Tuesday, September 16, 2014

3 Big Reasons Baidu's Success Won't Last

Baidu (NASDAQ: BIDU  ) is considered by many to be the Google of China, and given the country's large population, it is a company with high expectations. However, while Baidu's stock continues to trade around all-time highs, and analysts praise its growth, there are real concerns lingering around the search giant. Specifically, three big problems.

Baidu continues to lose PC market share
In China, Baidu is the leader of Internet search with a 54.5% share of the market in PCs, according to Chinese statistics site CNZZ. While good, Baidu's share has shrunk from a high of nearly 80% in late 2012 and 67.7% last year. The beneficiaries of Baidu's loss are Qihoo 360 (NYSE: QIHU  ) and Sohu (NASDAQ: SOHU  ) .

Sohu is the majority owner of a search engine called Sogou, whose share has risen from under 10% last year to nearly 13% today according to CNZZ. While impressive, it is nowhere near the success of Qihoo 360, which is predominantly a provider of PC and mobile security services and applications.

Qihoo has nearly 500 million users of its PC products and its most popular mobile application, Mobile Safe, has 641 million users, a number that has doubled year over year. Therefore, with a large network of users connected to its product, Qihoo has leveraged that presence to create its own search engine.

As a result, Qihoo's PC search market share is pegged at 30%, up from its 25% share earlier this year and 16.3% in early 2013. However, like Google, Baidu's advertising and monetization products have grown more sophisticated in recent years. Therefore, it continues to produce revenue growth despite losing market share, as Internet search as a market continues to grow.

Nonetheless, Qihoo 360 is quickly closing the gap, suggesting that Baidu is not invincible in the search market.

Qihoo is entering mobile with a vengeance
Earlier this year analysts estimated that Baidu controlled nearly three-quarters of the combined PC and mobile search business in China.

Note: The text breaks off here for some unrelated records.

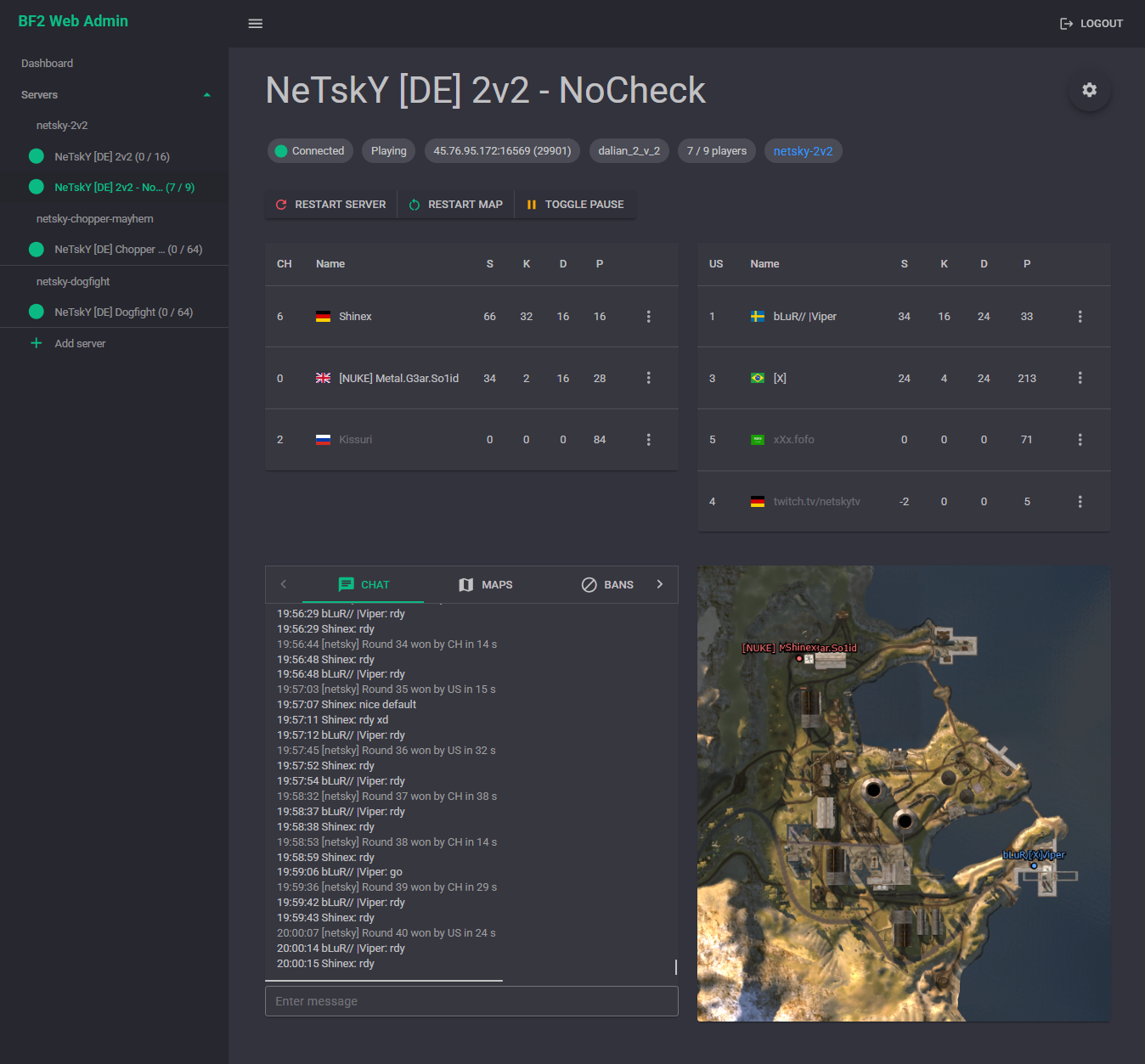 - Restart server, restart map, toggle pause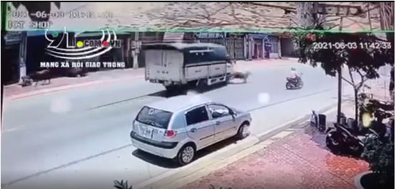 Cụ thể, một chiếc xe tải đang lưu thông thì bất ngờ gặp phải tình huống một con bò chạy thục mạng sang đường. Không kịp trở tay, xe tải đã tông trúng con bò này khiến 'nạn nhân' bị húc văng, trượt ngã trên đường.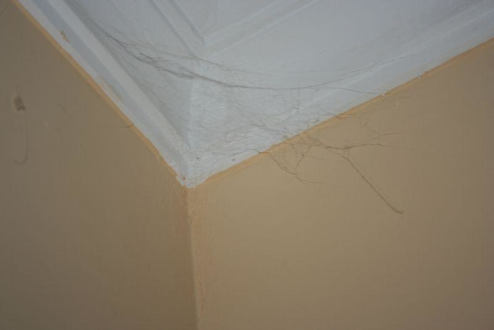 Spinnweben über dem Bett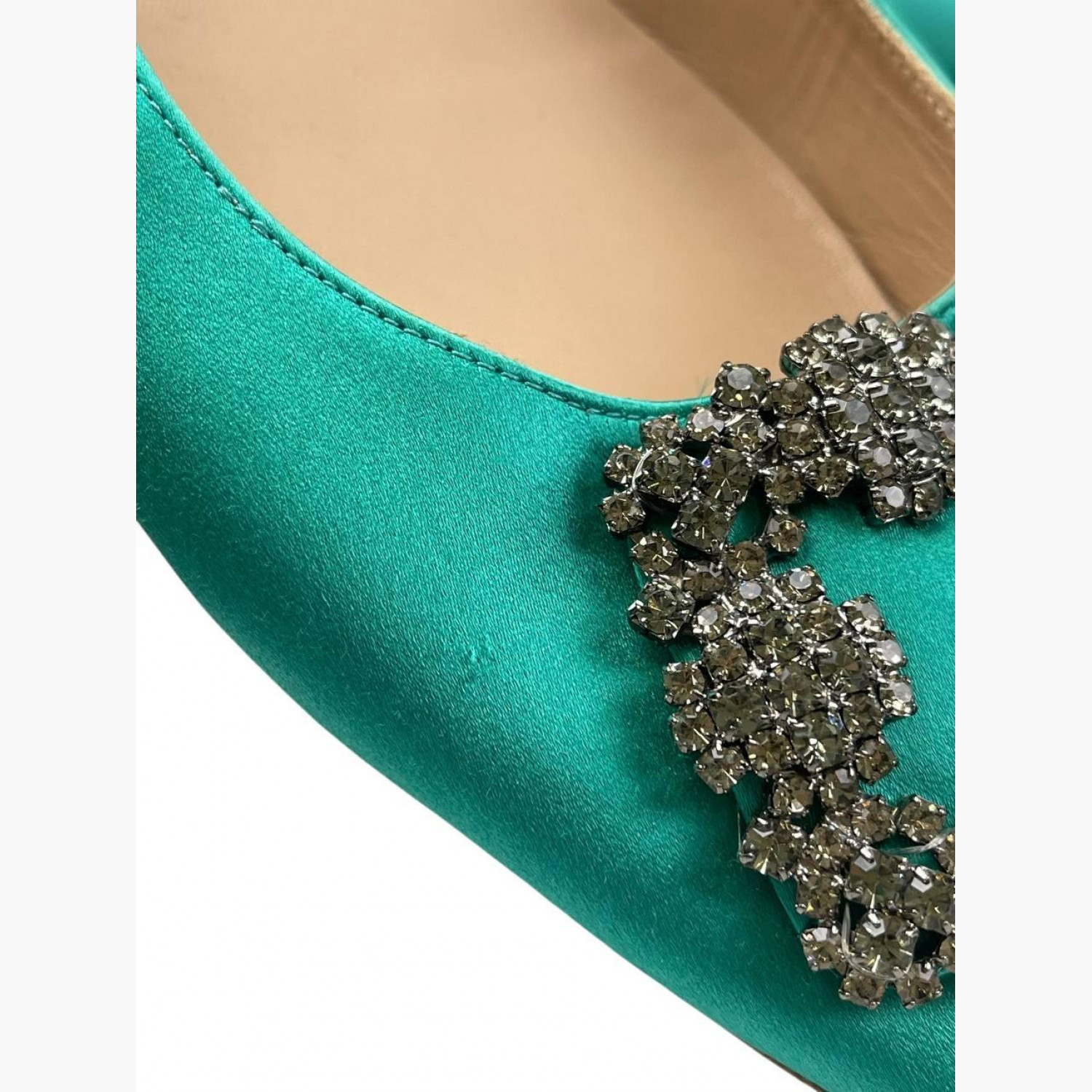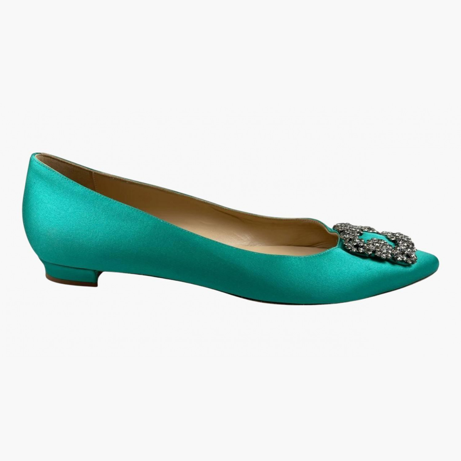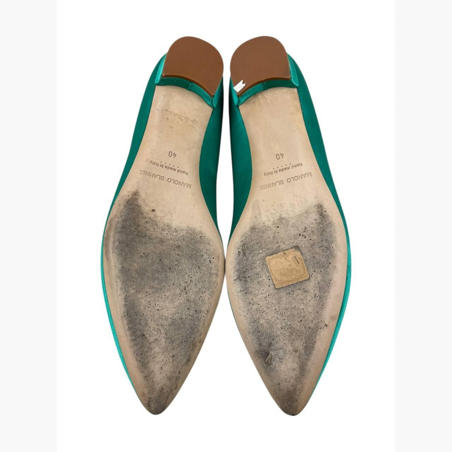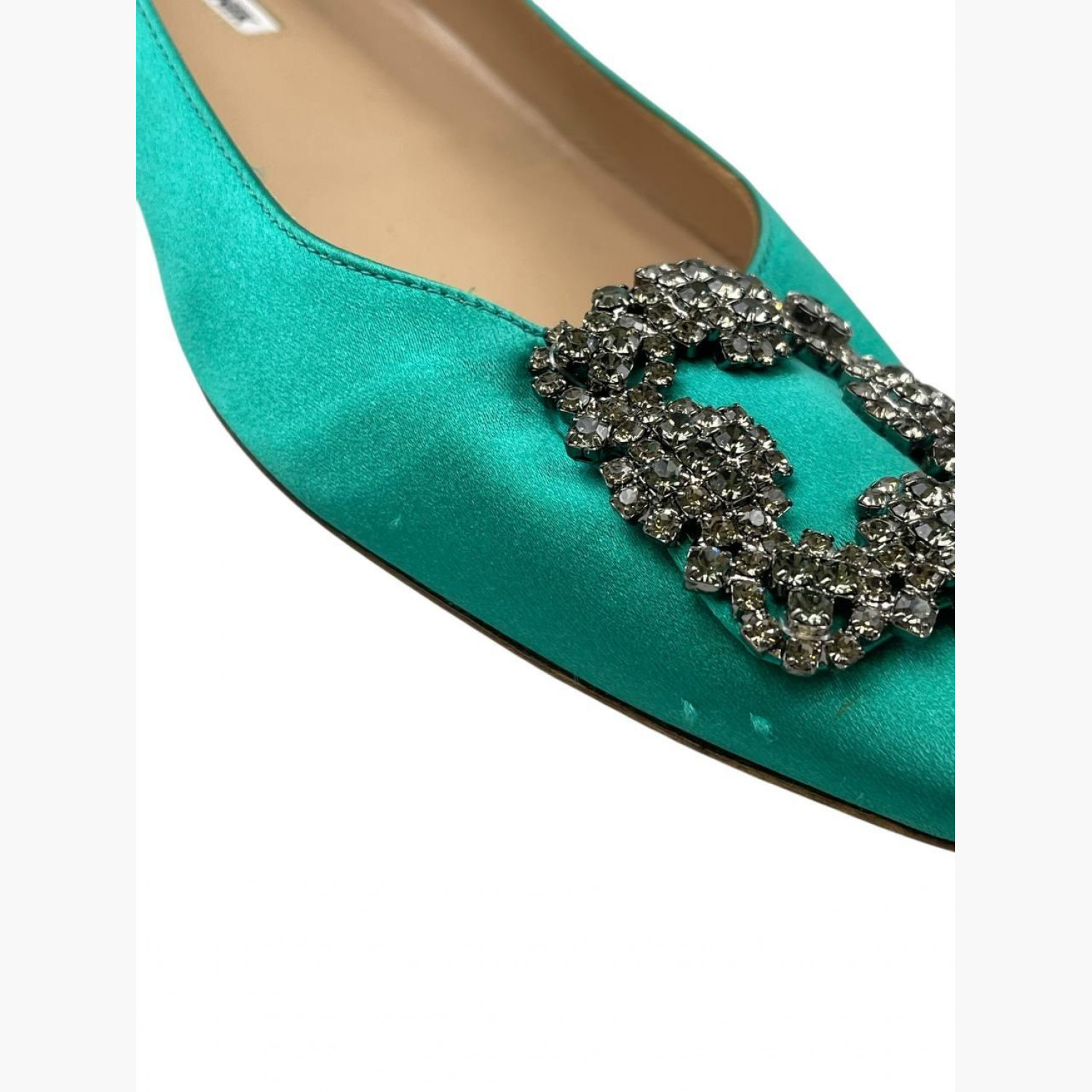 Сатинові зелені балетки з сріблястим декором на носку. У хорошому стані, є зачіпки та ледь помітна плямка.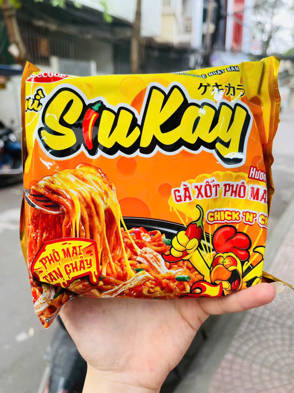 CÁC GÓI GIA VỊ – Đường, dầu thực vật (dầu cọ, chất chống oxy hóa (BHA(320), BHT (321))), ớt, cà chua, chất điều vị (mononatri glutamat (621), dinatri 5′-inosinat (631), dinatri 5′-guanylat (627), tỏi, bột phô mai 18,81 g/kg (sữa, lúa mì), muối, các gia vị, thịt gà 6,02 g/kg, hương gà tổng hợp 2,12 g/kg, chất tạo màu tự nhiên (paprika oleoresin (160c)), protein đậu nành, chất tạo màu tổng hợp (caramen nhóm I (150a)), chất chống đông vón (dioxyd silic vô định hình (551)), chiết xuất từ ớt, hương hành phi tổng hợp, chất bảo quản (kali sorbat 202). |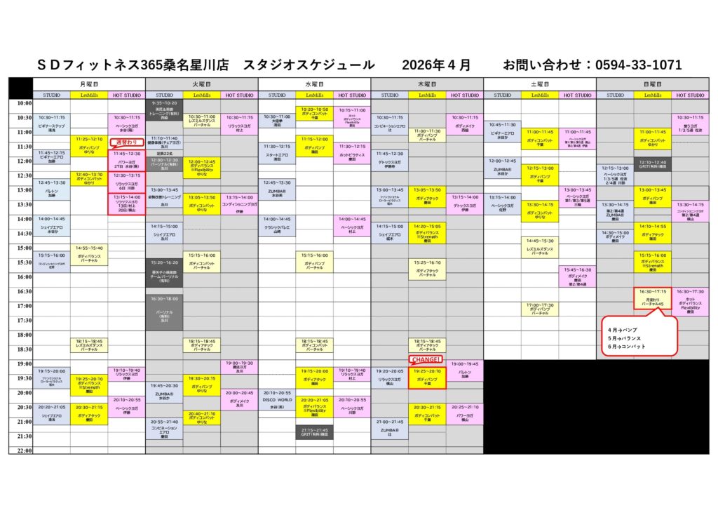 4月スタジオスケジュールのご案内 公開済み: 2026年3月22日更新: 2026年3月22日作成者: スタッフカテゴリー: 新着情報 【2026年4月スタジオスケジュール】 いつも桑名星川店をご利用いただきありがとうございます。 4月のスタジオスケジュールとなります。 みなさまのご参加お待ちしております 前の記事 3月スタジオスケジュールのご案内 関連記事 2024/08/31 台風10号接近にう伴う営業について 2024/10/31 【11月23日 祝日プログラムお知らせ】 2023/11/28 バーチャルレッスン参加対象者変更のお知らせ 2025/11/12 12月スタジオスケジュールのご案内

Given its decline in PCs, investors can assume that it has a strong grasp over the mobile market.

In particular, Baidu said after its most recent quarter that monthly active search users had surpassed 500 million in mobile search . As a result, Baidu's mobile revenue as a percentage of its total has followed the same trend of other big Internet-based companies, like Facebook, and during the second quarter became 30% of total revenue.

The problem is that Qihoo 360 released a mobile search service back in June of this year. However, Qihoo 360 has not yet providied any user details on the application, nor has it reported any revenue from mobile search. Although, given the rate at which it grew in the PC space combined with its most used application being on mobile, Baidu investors should be fearful that its mobile search dominance could experience the same fate as its PC market share.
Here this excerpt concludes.